* _What the task asks_
Everything in the listing should be transcribed exactly, apart from the pictures.

* _Data shown_
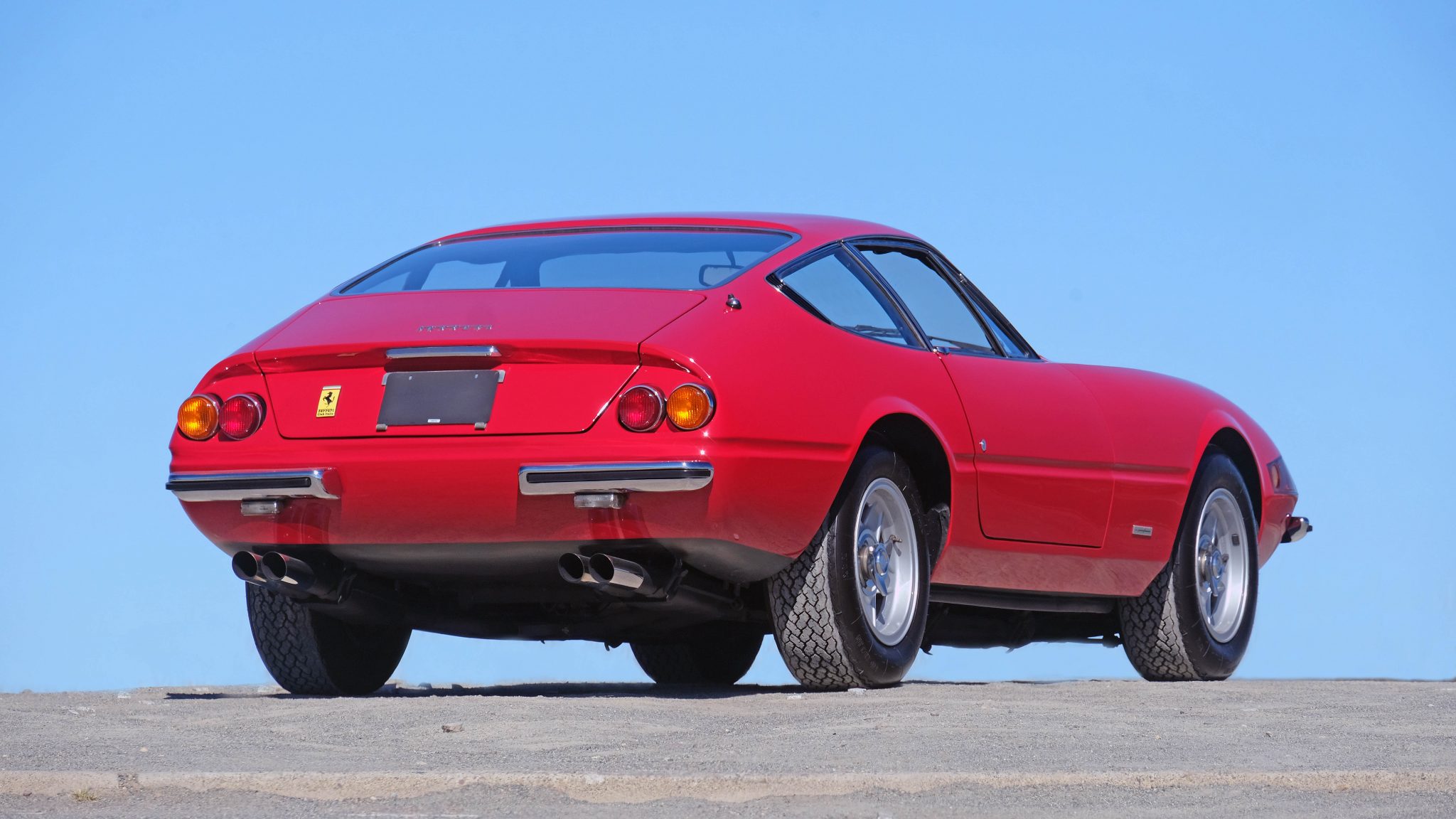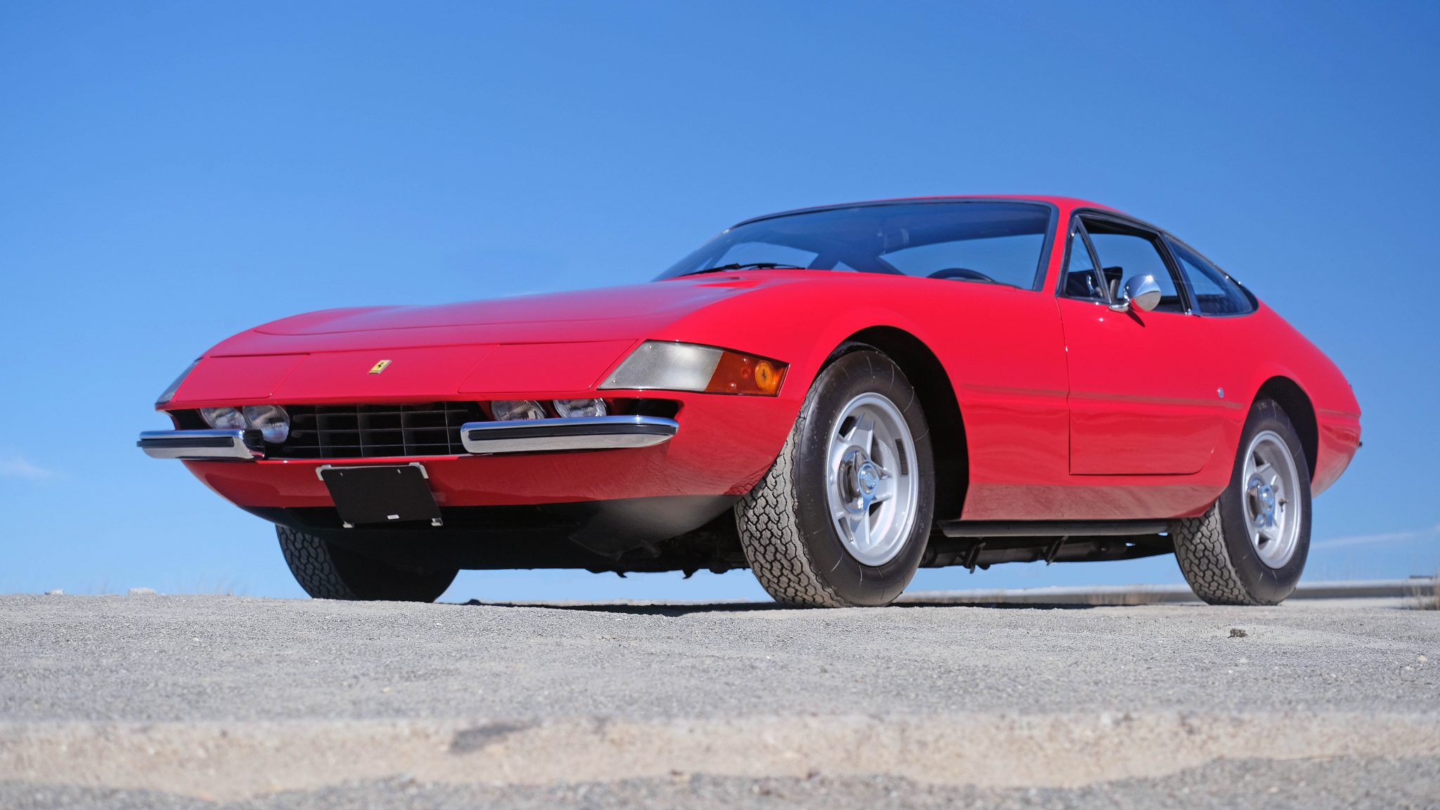 Delivered from the factory in Argento Metallizzato, the car was repainted in its current Rosso Corsa during previous ownership, and the US-spec rear side-marker lights have been deleted. Pop-up headlights were adopted for the model in 1971 to comply with US safety standards and can be seen in their raised position in the gallery below, along with Sekurit and Sigla glass etchings.
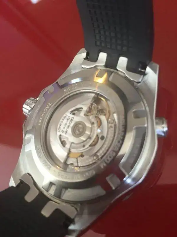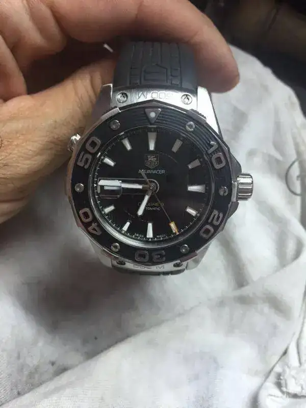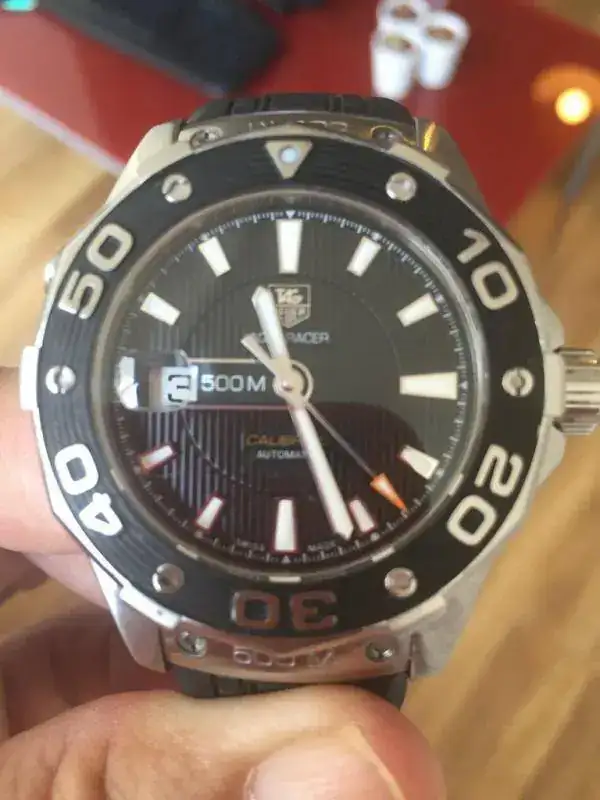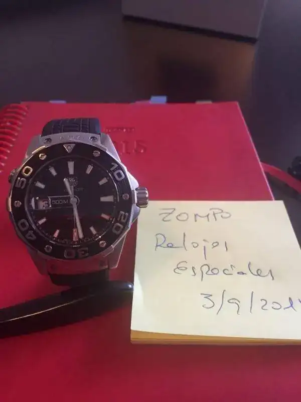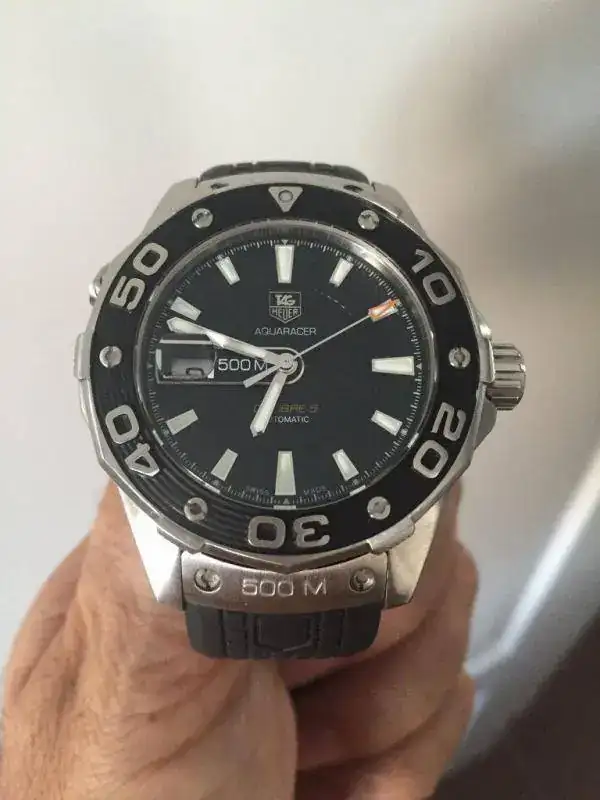 Saco para cambio por falta de uso este Tag Heuer AQUARACER 500M Calibre 5 Ref. WAJ2110. El reloj se encuentra en muy buen estado, sin marcas reseñables, salvo una que se ve al trasluz en el bisel. No soy capaz de sacarla en las fotos.No ha tenido mucho uso.No tiene documentación ni caja, no las encuentro, pero garantizo su autenticidad. El reloj funciona perfectamente. Cuando lo llevo, no noto que atrase, ni adelante, pero no soy un maniático de eso y no puedo decir lo que atrasa/adelanta al día.
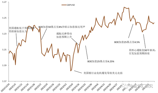 我们对英镑的判断是基于英国的核心通胀会在短期内保持在高位,而BOE会如期兑现市场目前对其的加息周期,进而使得英美短端利差进一步收窄而支撑英镑。但若英国的通胀压力显现出更大的粘性,那么英国央行大概率会延长其加息周期。另一方面,如果美国经济衰退来的更早,那么市场对美联储降息的预期可能会提前,这样英镑走高的幅度可能会更大。这种情况下英镑下半年可能出现更大幅度的上涨。英镑的交易中枢可能走向1.30一带。
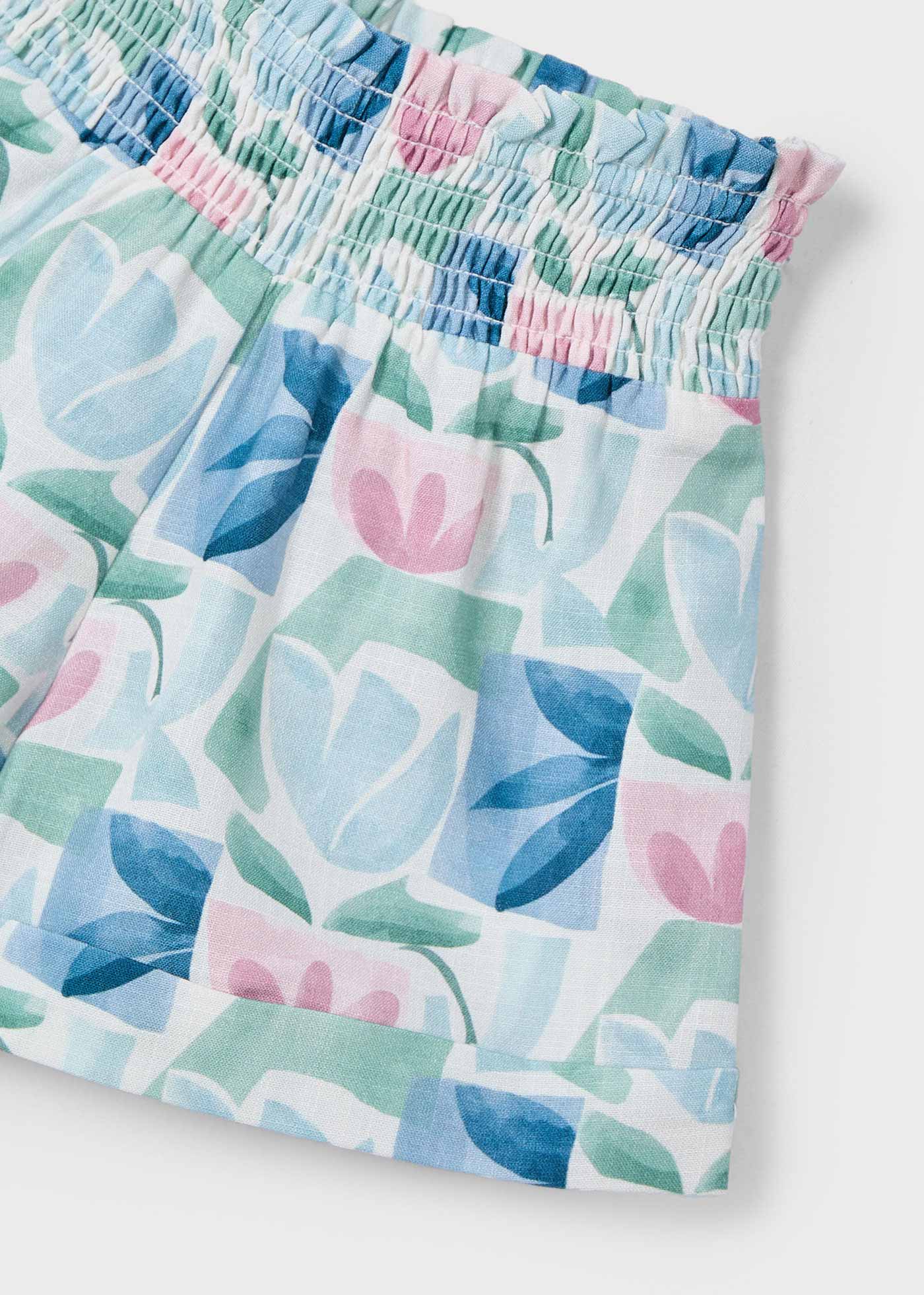 Pantalon corto estampado 100% Poliéster Temperatura máxima de lavado 3 Prohibición de lejía Secar en vertical Planchado a temperatura máxima No lavar en seco

* _Answer to the problem_
 Delivered from the factory in Argento Metallizzato, the car was repainted in its current Rosso Corsa during previous ownership, and the US-spec rear side-marker lights have been deleted. Pop-up headlights were adopted for the model in 1971 to comply with US safety standards and can be seen in their raised position in the gallery below, along with Sekurit and Sigla glass etchings.
 Saco para cambio por falta de uso este Tag Heuer AQUARACER 500M Calibre 5 Ref. WAJ2110. El reloj se encuentra en muy buen estado, sin marcas reseñables, salvo una que se ve al trasluz en el bisel. No soy capaz de sacarla en las fotos.No ha tenido mucho uso.No tiene documentación ni caja, no las encuentro, pero garantizo su autenticidad. El reloj funciona perfectamente. Cuando lo llevo, no noto que atrase, ni adelante, pero no soy un maniático de eso y no puedo decir lo que atrasa/adelanta al día.
 我们对英镑的判断是基于英国的核心通胀会在短期内保持在高位,而BOE会如期兑现市场目前对其的加息周期,进而使得英美短端利差进一步收窄而支撑英镑。但若英国的通胀压力显现出更大的粘性,那么英国央行大概率会延长其加息周期。另一方面,如果美国经济衰退来的更早,那么市场对美联储降息的预期可能会提前,这样英镑走高的幅度可能会更大。这种情况下英镑下半年可能出现更大幅度的上涨。英镑的交易中枢可能走向1.30一带。
 Pantalon corto estampado 100% Poliéster Temperatura máxima de lavado 3 Prohibición de lejía Secar en vertical Planchado a temperatura máxima No lavar en seco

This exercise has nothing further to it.